Data block:
***

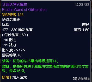 艾瑞达湮灭魔杖,玛瑟里顿掉落。智力、暴击属性。
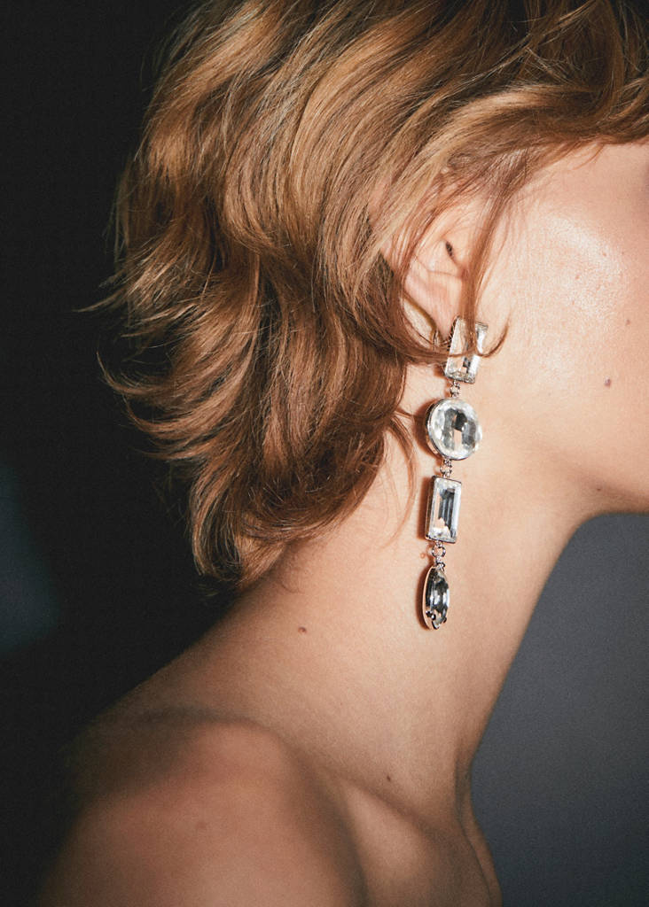 Ограненные кристаллы. Длинный дизайн. Металлическая застежка-клипса. Коллекция для праздников, церемоний и первого причастия
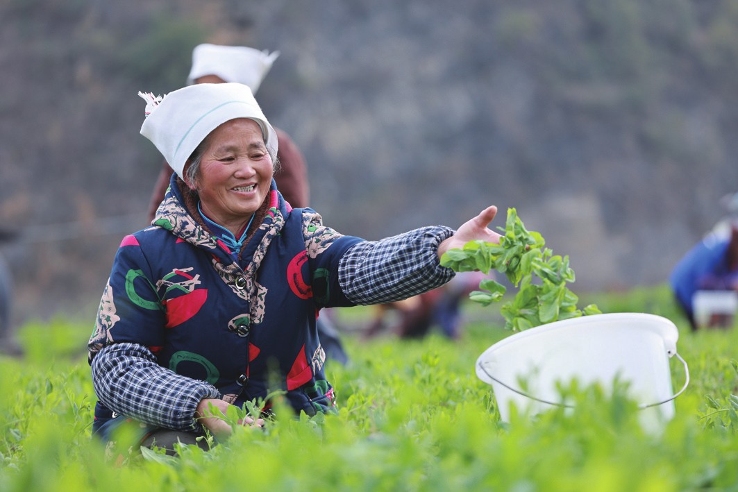 近年来,贵州省龙里县因地制宜,大力发展豌豆尖种植,带动当地群众增收,助力乡村振兴。目前,龙里县豌豆尖种植面积3万余亩,产品直销到上海、广州、香港等地。图为在龙里县湾滩河镇郊外,菜农在采摘豌豆尖。刘续/摄
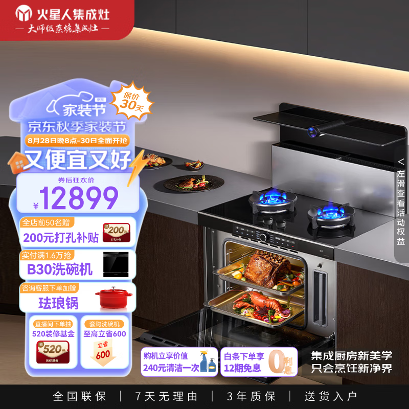 火星人集成灶T70BC 集成灶一体式 爆炒23风量大吸力抽油烟机 集成蒸烤箱一体机 4.5kW燃气灶液化气价格:12999.00元!

***

Try it: Would you copy the lines from the one holding "近年来,贵州省龙里县因地制宜" down to the last line of the material, both included, exactly and with nothing added, skipping the pictures?

Response box:
 近年来,贵州省龙里县因地制宜,大力发展豌豆尖种植,带动当地群众增收,助力乡村振兴。目前,龙里县豌豆尖种植面积3万余亩,产品直销到上海、广州、香港等地。图为在龙里县湾滩河镇郊外,菜农在采摘豌豆尖。刘续/摄
 火星人集成灶T70BC 集成灶一体式 爆炒23风量大吸力抽油烟机 集成蒸烤箱一体机 4.5kW燃气灶液化气价格:12999.00元!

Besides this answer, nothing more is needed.